- Mollagürani Location in Turkey Mollagürani Mollagürani (Istanbul)
- Coordinates: 41°0′47″N 28°56′31″E﻿ / ﻿41.01306°N 28.94194°E
- Country: Turkey
- Province: Istanbul
- District: Fatih
- Population (2022): 12,211
- Time zone: UTC+3 (TRT)
- Postal code: 34093
- Area code: 0212

= Mollagürani =

Mollagürani (also: Molla Gürani) is one of the 57 neighbourhoods of the municipality and district of Fatih, Istanbul Province in Turkey. Its population is 12,211 (2022). It is on the European side of Istanbul.

Mollagürani is named after one of the teachers of Fatih Sultan Mehmed, the fourth Sheikh al-Islam of the Ottoman Empire Molla Gürâni.

It has access to T1 Kabatas-Bagcilar Tram Line at the Yusufpaşa Tramway Station

== Places in Mollagürani ==
Çapa Science High School: is a historical school in the Fatih district of Istanbul.

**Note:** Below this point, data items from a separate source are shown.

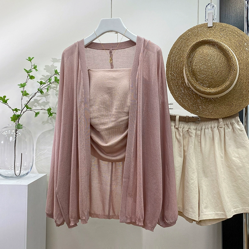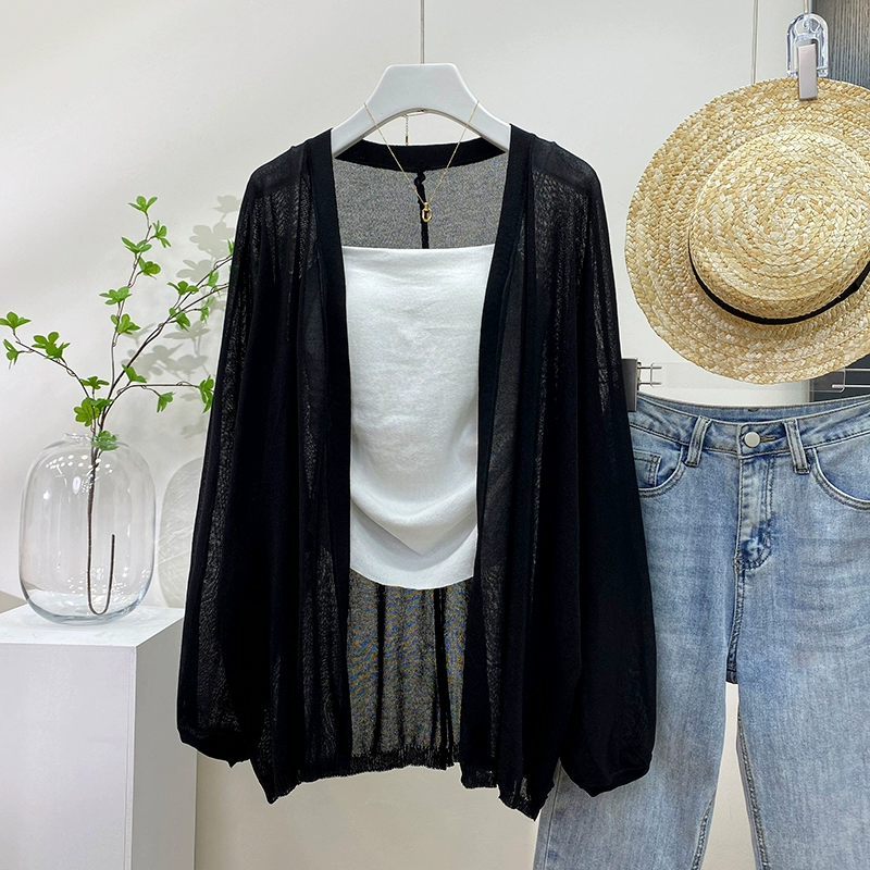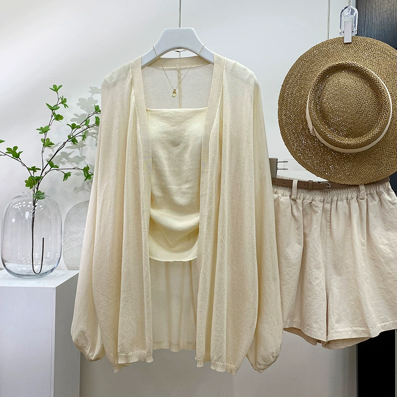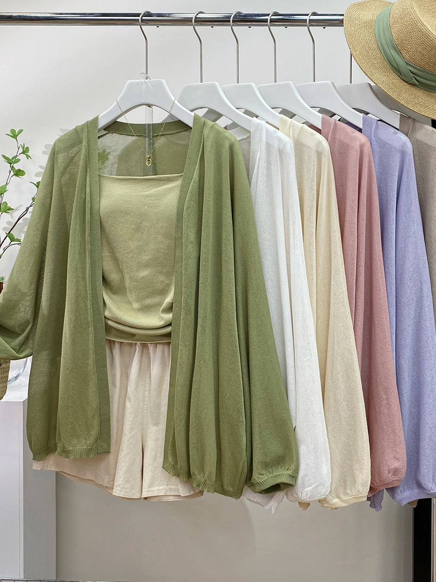 | nameOriginal | Lazy style lantern sleeve mid-length sun protection ice silk knitted cardigan for women's summer light outer wear with loose air-conditioned shawl |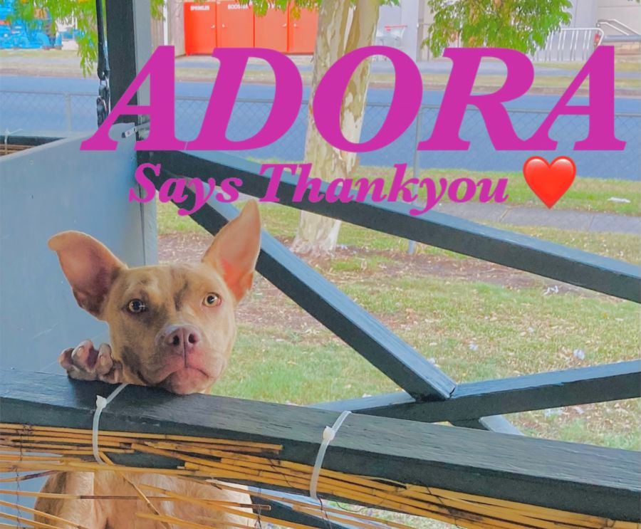 Adora was surrendered Christmas Day. She was underweight and scared. She had some mange and was hungry and obviously uncared for. Our trainer Helen from Building Better Dogs took her in and secured a lovely carer and made sure she was safe and warm and fed. She got a soft bed, some toys to destroy, some snacks, a pretty pink collar and lead.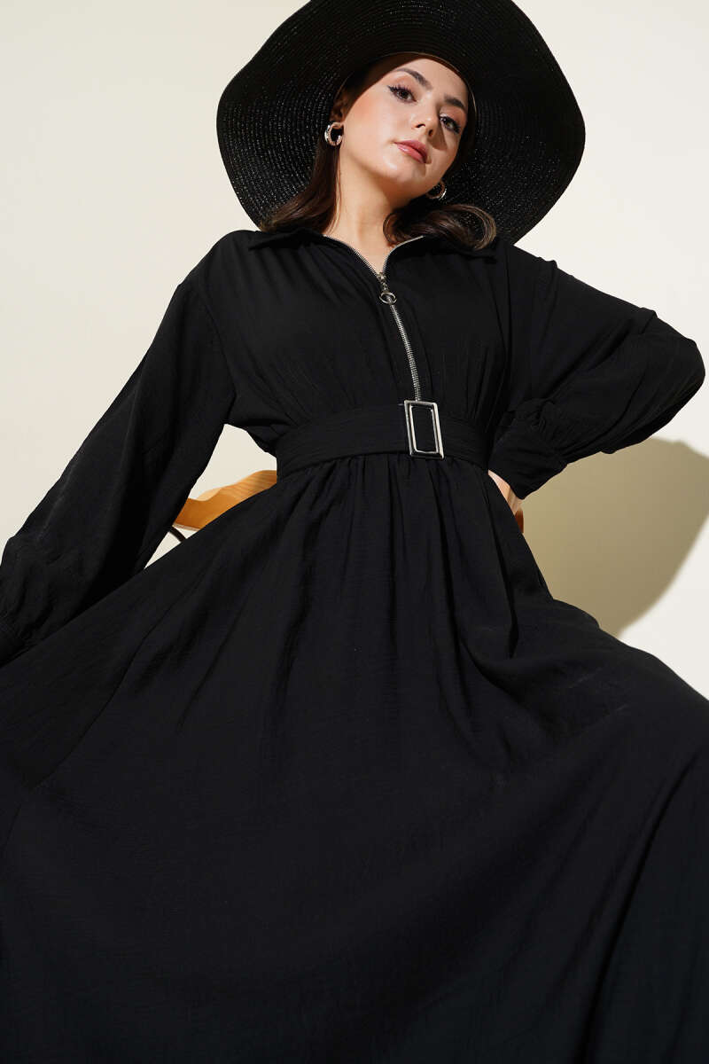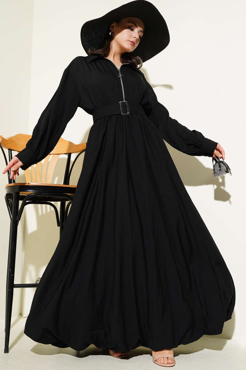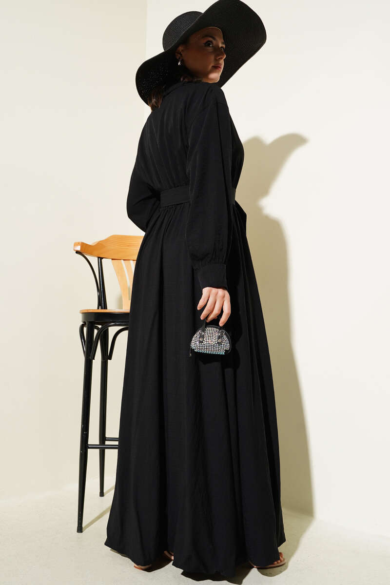 Bel Taşlı Pelerinli Abiye Elbise Siyah

Yavuz Selim Madrasah, also Yenibahçe Selim Madrasah Madrasah built by Sinan upon order by Suleiman the magnificent to honour his father Selim. It currently hosts a private hospital.

Muratpaşa Park is one of the most crowded spots of Fatih. In the past, it used to rest people, but after a recent renovation, it does the same job better. Muratpaşa Park, which is decorated with trees along the road, covers an area of 3160 square meters.